In this example, you can learn how to use command line tools and some of most basic of calculation components.

Flow

Creating project
Preparing data sources and files
Creating workflow
Defining tasks in workflow
Executing

Creating project

At first, we have to create project. In this example, We will use dsfg command to create project.

mkdir -p ~/Projects/top_sales_example

dsfg project \
    --name top_sales_example \
    --owner "Yuki Chiba" \
    --start-date 2017-08-01 \
    --root-dir ~/Projects/top_sales_example \
    --dwh-root ~/Projects/top_sales_example/dw

ls ~/Projects/top_sales_example
# > top_sales_example   dw  profile

Preparing data sources and files

After creating project, we can prepare data sources and data files.

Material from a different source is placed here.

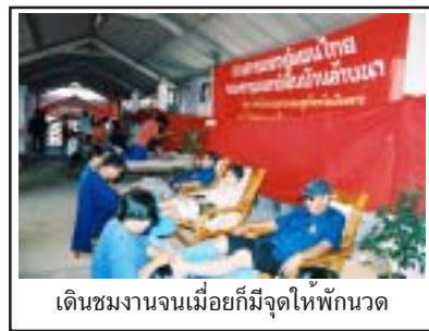
เดินชมงานจนเมื่อยก็มีจุดให้พักนวด
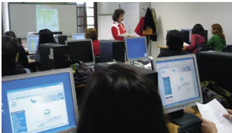
Bóvedas de Santa Elena Centro Homologado de FPO en 18 especialidades.

Please download sample data from dummy_data.zip.

tar xf dummy_data.zip

ls dummy_data
# > dummy_customers.csv dummy_products.csv  dummy_transactions.csv

Extracted files have schema below:

customers.csv

name	type
customer_id	int
gender	int
birthday	datetime

products.csv

name	type
product_id	int
product_category_id	int

transactions.csv

name	type
shop_id	int
customer_id	int
datetime	datetime
receipt_cd	int
count	int
unit_price	int
product_id	int
unit_cost	float

To register schema to project, we have to edit top_sales_example/source/files.py.

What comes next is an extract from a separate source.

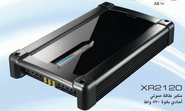
XR2120 مكبر طاقة صوتي أحادي بقوة ٥٧٠ واط

top_sales_example/top_sales_example/source/files.py

from top_sales_example.source.filesource import FileSource
from abeja_dsf import IntIdSeries, TimestampSeries, IntValueSeries, ValueSeries
from abeja_dsf.core.io.loaders.csv import DSFCSVLoader

files = [
    FileSource('dummy_customers',
               DSFCSVLoader([
                   IntIdSeries('customer_id'),
                   IntIdSeries('gender'),
                   TimestampSeries('birthday')
               ]),
               ext='.csv'),
    FileSource('dummy_products',
               DSFCSVLoader([
                   IntIdSeries('product_id'),
                   IntIdSeries('product_category_id')
               ]),
               ext='.csv'),
    FileSource('dummy_transactions',
               DSFCSVLoader([
                   IntIdSeries('shop_id'),
                   IntIdSeries('customer_id'),
                   TimestampSeries('datetime'),
                   IntIdSeries('receipt_cd'),
                   IntValueSeries('count'),
                   IntValueSeries('unit_price'),
                   IntIdSeries('product_id'),
                   ValueSeries('unit_cost')
               ]),
               ext='.csv')]

def get_file(name: str) -> FileSource:
    for f in files:
        if f.name == name:
            return f

To make files ready to load, we have to put them into dw/top_sales_example/source/static directory.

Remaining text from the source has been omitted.